I slipped off my coat and scarf, my gloves and hat. She took everything from me, laying it all on top of a large wooden chair in the corner.
“Let’s go in here.” She gestured toward a room off the foyer and I followed her in. A heavy wooden table stood in the middle of the room covered with a sheet. A pillow rested on one end of the table, and a kitchen chair was set on the floor at the opposite end. The carved wooden table legs exposed beneath the sheet looked somehow obscene. On a wheeled tray next to the table lay a basin, a speculum, a long, thin metal rod, and a few other items I didn’t recognize. I’d heard about botched abortions done with coat hangers and was relieved that none were in sight.
“Take off your panties,” Edna said. “You can just unhook your stockings.”
“No coat hanger.” I smiled nervously, gesturing toward the wheeled tray.
“Oh, good heavens, no,” she said. “I’ve found this works perfectly.” She picked up the metal rod. “A bicycle spoke,” she said. “Does the job every time.”
A bicycle spoke. Good Lord. Had it been sterilized since the last time it was used? Shivering, I slipped off my shoes and panties, and she helped me climb onto the table, rock hard beneath the sheet. I tried to ignore the small brown stain on the pillowcase as I lay back on the table. It was cool in the room and my body trembled almost spasmodically.
“This will be over in a jiffy,” Edna said. “Now open your legs for me.” She sat down at the foot of the table as I bent my knees and spread my legs, my eyes on the stained plaster of the ceiling.
“There’s a good girl,” Edna said. “Now hold very still.”
I held my breath, waiting for the cramping to begin.
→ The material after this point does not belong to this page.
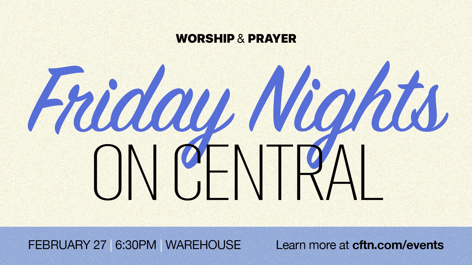 Friday Nights On Central is an hour and a half filled with Worship and Prayer.  You will want to be a part of this powerful and exciting time as we lean into the Lord’s heart and pray for our city, state and nation as well as the Seven Mountains of Culture.

On the plaster ceiling, as if by magic, I saw the image of my tiny, helpless, baby. He—I was certain it was a boy—was nestled inside my body—the body that was supposed to protect it and nurture it, not allow it to be pierced by a bicycle spoke. Gasping, I sat up quickly, pulling away from Edna and her tools. She was wide-eyed, her mouth a small, surprised O.
“I haven’t even touched you yet,” she said.
“I can’t do this,” I said, my hand on my flat belly. “I just can’t!” I was suddenly crying.